New Year, New School

So it’s been almost a year since I lasted posted here, and much has changed since that time. When I last posted (early December 2012), I was anticipating a busy spring. Little did I know. Things always seem to get busy in February with the start of baseball season (check the blog’s archives–or lack thereof–for evidence of this phenomenon), and on top of that, I was gearing up for a national job search.

Shortly after that post, job referrals started coming in, and we were off to the races. Between writing approximately 60 cover letters to schools all over the country, doing numerous phone/Skype interviews, traveling for three hiring fairs (Atlanta, Atlanta, and Boston) and six campus interviews (Louisiana, Georgia, Alabama, Virginia, North Carolina, and Virginia), baseball, and–oh, yeah–teaching a full courseload, the spring flew by. The end result of all of that, though, was that I found a great new opportunity, and my wife and I are excited to be back in our home state.

I had started my search with a three-pronged mission: 1) to find a school with a baseball program where I could teach and coach–as opposed to teaching in one school and coaching in another, which had been the norm for me; 2) to find a school that was very intentional in its curricular design and committed to a more constructivist approach to education; and 3) to find a school that was, ideally, in Virginia. As my travelogue above indicates, I was willing to settle for two out of three, but in the end, I found an opportunity that accomplished all three. I feel like I hit the jackpot with my new school. (I wasn’t necessarily committed to boarding schools, but I did see rejoining a residential community as a definite plus. Make it a fourfecta!)

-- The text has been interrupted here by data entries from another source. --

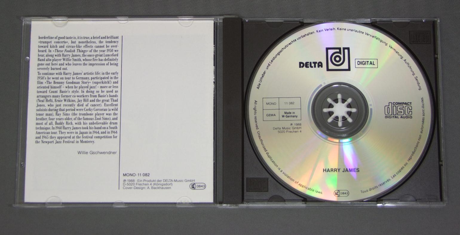 HARRY JAMES AND HIS ORCHESTRA/ALL TIME STANDARDS 1938-1954 11082 製造国:独盤 / Media:CD外観:EX+盤の状態:EX+ 価格(税込):¥550 送料 7inch:定形外郵便 360円~LP:定形外郵便 660円~送料は、注文の最終画面で確認頂けます。 > > HARRY JAMES AND HIS ORCHESTRA/ALL TIME STANDARDS 1938-1954 外観 (EX+)特記事項:ブックレット・タイプの英語解説付ジャケ。全体的にあまりめくりヨレなど無く、よごれも少ないきれいな状態。外観EX+の共通説明:中古としては美品、一見してきれいでダメージが軽微。シミ、ヨゴレ、スレ有っても僅か~少し。 盤の状態 (EX+)特記事項:微細なスリキズが少々。きれいな感じの盤面です。盤EX+の共通説明:盤面の極薄いスリキズ、スレ少し程度 音に出そうなものは無いように見える(極軽微なソフトティック音は除く)。 Tweet それぞれの画像をクリックすると、大きい写真が見られます こちらの商品もお勧めです 2,200円 MARC LEVIN AND HIS FREE UNIT / DRAGON SUITE 1,650円 TOSHIYUKI HONDA本田俊之 / SHANGRI-LAシャングリア(楽園)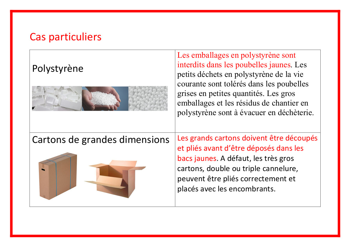 - cartons et plastiques dans les poubelles jaunes. Découpez et mettez à plat vos cartons.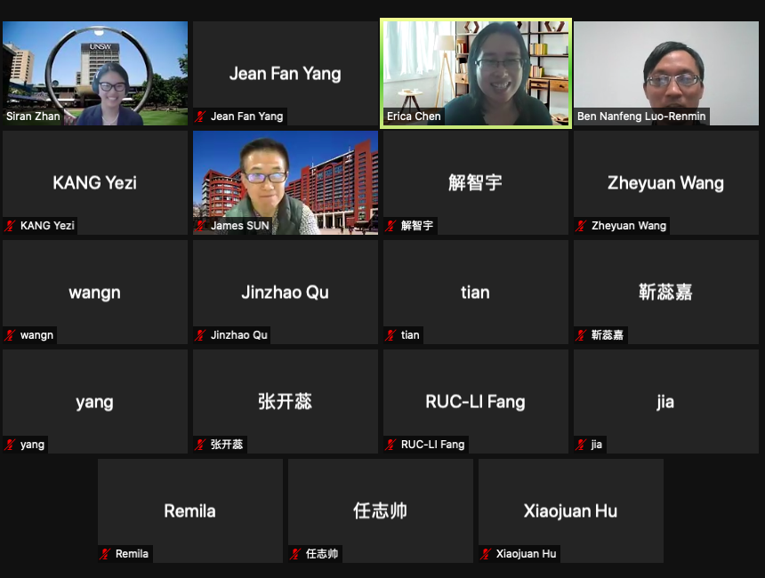 太阳成tyc122cc集团人力资源管理系2021年春季学期半月谈学术论坛(第97期)于2021年12月8日(星期三)下午14:00至15:30,通过Zoom线上会议室顺利开展。来自澳大利亚新南威尔士大学商公司的詹斯然助理教授分享了她的最新研究成果:企业家的羞耻感能否帮助他们在受挫之后重新振作?本次学术论坛由太阳成tyc122cc集团陈雯助理教授主持,太阳成tyc122cc集团孙健敏教授、骆南峰副教授,金秋萍助理教授,以及近三十位博士生和硕士生参与了线上的讲座和讨论环节。
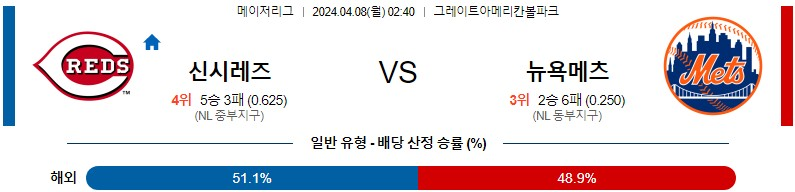 [킹콩티비] 신시내티 메츠 분석 4월8일 MLB 스포츠중계

I remember spotting this particular opportunity on the NAIS job board. It was the end of my Spring Break, and I had just completed three campus interviews in three different states in four days, and I was exhausted and ready to put the search in the rear view mirror. Although I liked all of the schools that I visited that week, I vividly remember saying to my wife, “Well, I just found the job I really want.” I submitted my resume, and from there, things moved pretty quickly.

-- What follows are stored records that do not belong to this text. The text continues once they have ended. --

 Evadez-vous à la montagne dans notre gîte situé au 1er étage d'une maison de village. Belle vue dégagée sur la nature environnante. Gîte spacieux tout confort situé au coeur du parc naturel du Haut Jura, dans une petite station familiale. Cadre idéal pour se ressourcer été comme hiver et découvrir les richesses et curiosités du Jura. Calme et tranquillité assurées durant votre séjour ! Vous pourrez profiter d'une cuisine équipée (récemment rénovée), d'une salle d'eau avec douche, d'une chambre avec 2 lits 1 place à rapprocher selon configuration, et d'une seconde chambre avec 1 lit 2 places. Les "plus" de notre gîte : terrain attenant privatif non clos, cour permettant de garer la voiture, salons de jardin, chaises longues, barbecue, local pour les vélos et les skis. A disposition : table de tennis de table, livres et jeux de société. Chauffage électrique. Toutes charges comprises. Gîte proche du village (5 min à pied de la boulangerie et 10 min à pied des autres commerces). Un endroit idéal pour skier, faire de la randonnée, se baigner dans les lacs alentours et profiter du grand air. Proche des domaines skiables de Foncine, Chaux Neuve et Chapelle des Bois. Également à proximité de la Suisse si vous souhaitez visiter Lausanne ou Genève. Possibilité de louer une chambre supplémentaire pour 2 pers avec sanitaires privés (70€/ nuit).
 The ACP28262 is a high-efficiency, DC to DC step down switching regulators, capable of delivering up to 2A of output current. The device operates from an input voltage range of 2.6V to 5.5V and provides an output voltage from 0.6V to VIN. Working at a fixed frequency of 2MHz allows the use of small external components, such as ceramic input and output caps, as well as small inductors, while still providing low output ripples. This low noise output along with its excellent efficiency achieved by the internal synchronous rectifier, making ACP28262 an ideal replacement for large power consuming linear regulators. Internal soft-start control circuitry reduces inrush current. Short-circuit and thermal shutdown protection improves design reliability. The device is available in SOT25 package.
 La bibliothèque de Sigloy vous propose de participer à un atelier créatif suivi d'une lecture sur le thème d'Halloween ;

Of course, once I accepted the position, the focus shifted from finding a job to planning a move. That meant making all of the little repairs to our house that suddenly seemed more urgent, interviewing realtors and preparing the house for market, and hiring movers. It also meant figuring out the housing situation here on campus, and paring down our belongings as we moved from a 3BR/2BA house with a deck, a garage, and an attic to a 2BR/2BA apartment with a small porch and no deck or attic. Then it meant shuttling across the North Carolina/Virginia border several times as we painted the new apartment, moved valuable or fragile belongings ourselves, and closed on the sale of our house. (Fortunately, our house sold quickly and relatively painlessly–no small relief given the housing market woes over the last few years.)

Once we were moved in and unpacked (early August), my attention shifted to planning for the school year. I usually spend a significant portion of July pulling together ideas/resources/etc. for the year ahead, so the start to this year felt a little like I was flying blind, but it’s gone OK. (Does this mean that perhaps I don’t have to work quite so hard in the summer anymore? That would be a nice “bonus” after five years in the classroom.)

Anyway, needless to say, there hasn’t been much time for blogging. However, we’re now–more or less–settled into our new place, the school year is rolling along relatively smoothly, and I’ve been itching to write again. Given that I’m back on the dorm duty rotation and will be helping out with JV basketball in addition to baseball, there’s a good chance that the busy season will start in November instead of February. With that in mind, I don’t know how long my regular posts here will last this time around, but I’m looking forward to getting back to using this as a place where I can “wonder aloud” about teaching and education in general.